A multi-active satellite without a subsequence source attribute
This is a less common type. It means there is no unique source attribute. In this case we intodruce a generated sequence number per business key to ensure that the combination of the business key(s), the generated subsequence attribute and the load date is unique.
This article describes one of the scenarios possible when combining multi-active satellites with links. It explains how VaultSpeed’s logic solves these challenges as a standard functionality. Just by setting a few parameters.
The case uses data models describing a fictitious motor bike company, as commonly used in VaultSpeed demos or documentation.
The case
Sources
The challenges are explained using 2 multi-active objects within the VaultSpeed moto sales demo source. These objects are the product_features and product_features_category tables as shown in figure 1. You can see some example records in figure 2 for product features and figure 3 for product feature categories.
The language codes in both of the objects are the source subsequence attributes and there is a foreign key from the product feature object to the product feature category object based on the product_feature_cat_id attribute.

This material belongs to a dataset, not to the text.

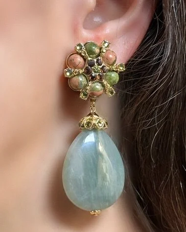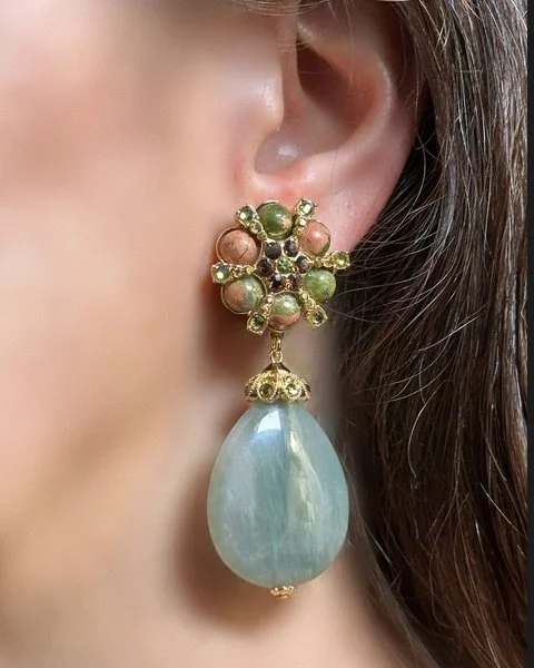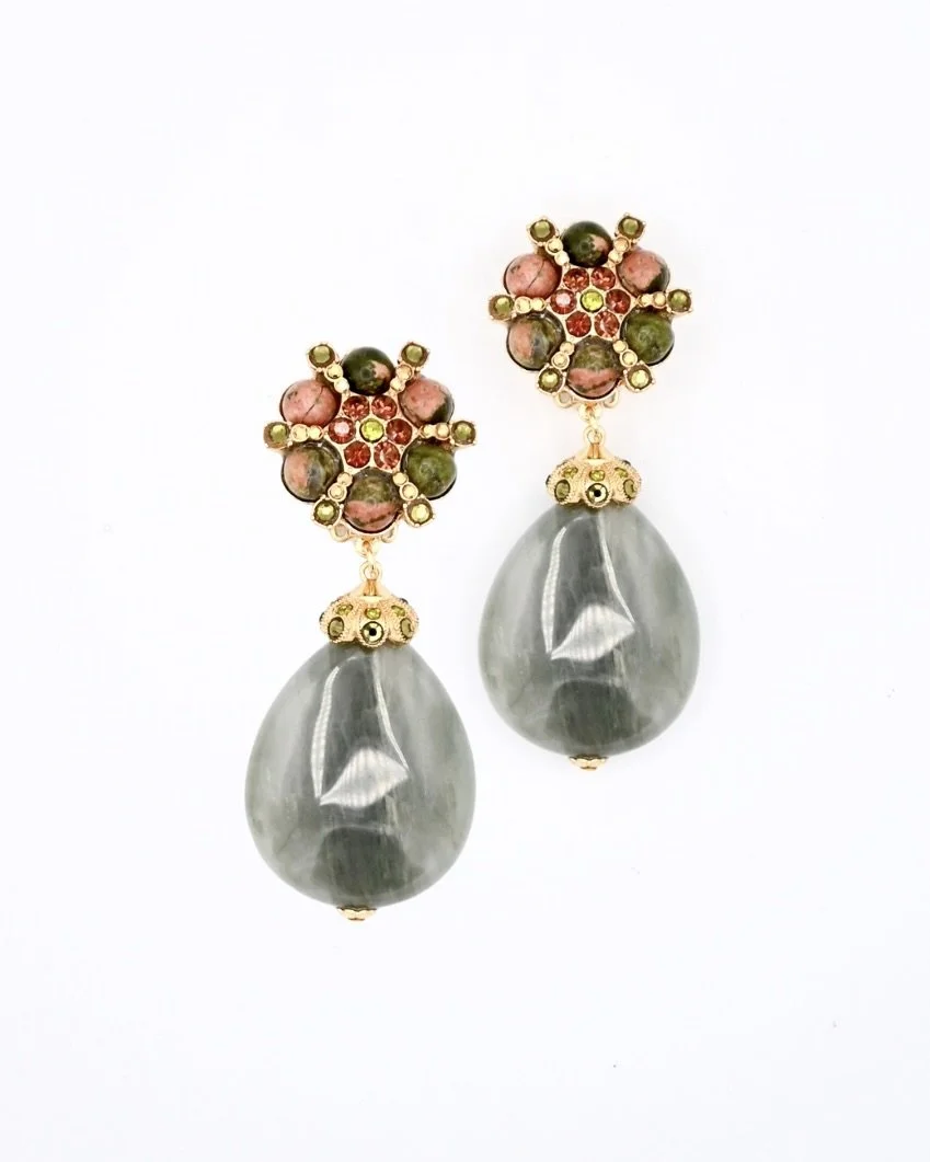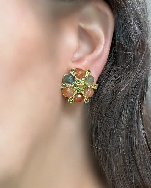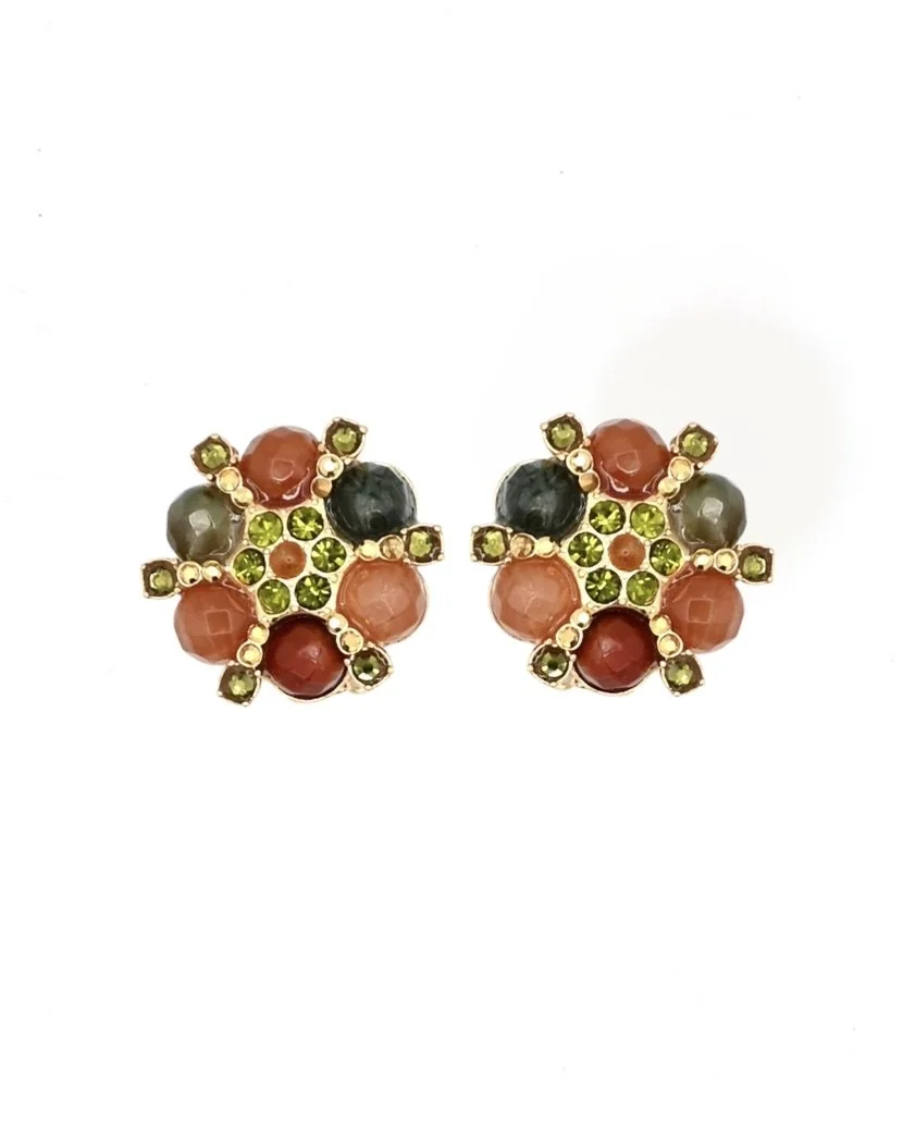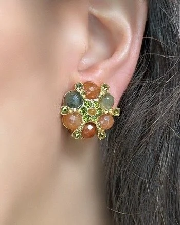 24 karat gold plated starburst shape clip earrings set with beads of multi color rutilated quartz accented with Austrian crystal stones in green. olive and gold suspending a gold plated cap with a natural orange tone fire agate bead drop. All beads are natural and may vary slightly in shade from photo.

The source case has the following characteristics:
- The subsequence attribute is a source attribute
- In both tables the business key attribute (indicated in red) is not the same as the primary key attribute (indicated in blue).
It means that the relationship is not based on the business key but on other attributes. A lookup is
needed for building the link hash key as described in a previous blog on our website.
- The primary key is at a lower level of detail than the business key in both the source objects, product_feature and product_feature_cat
- The rows indicated in blue show the primary key, the rows indicated in red, contain the business key.
As you can see, for the same business key value you have multiple primary key values.
It means that for a lookup via the business key, multiple primary keys will be returned. The logic must be
able to cope with it.
- Both objects in the relationship are multi-active objects
- The product_feature object as well as the product_feature_cat object are multi-active objects. A lookup of a business key for the link can result in multiple records being returned.
Setup in VaultSpeed
The setup of the source and the raw Data Vault for the above implementation of source and Data Vault is very simple and requires changing 1 parameter, setting 1 switch per object and indicating 1 subsequence attribute per source object.
- Build the raw Data Vault using insert only logic.
VaultSpeed system parameter : INSERT_ONLY_LOGIC = Y - The product_features and product_features category source object are multi-active.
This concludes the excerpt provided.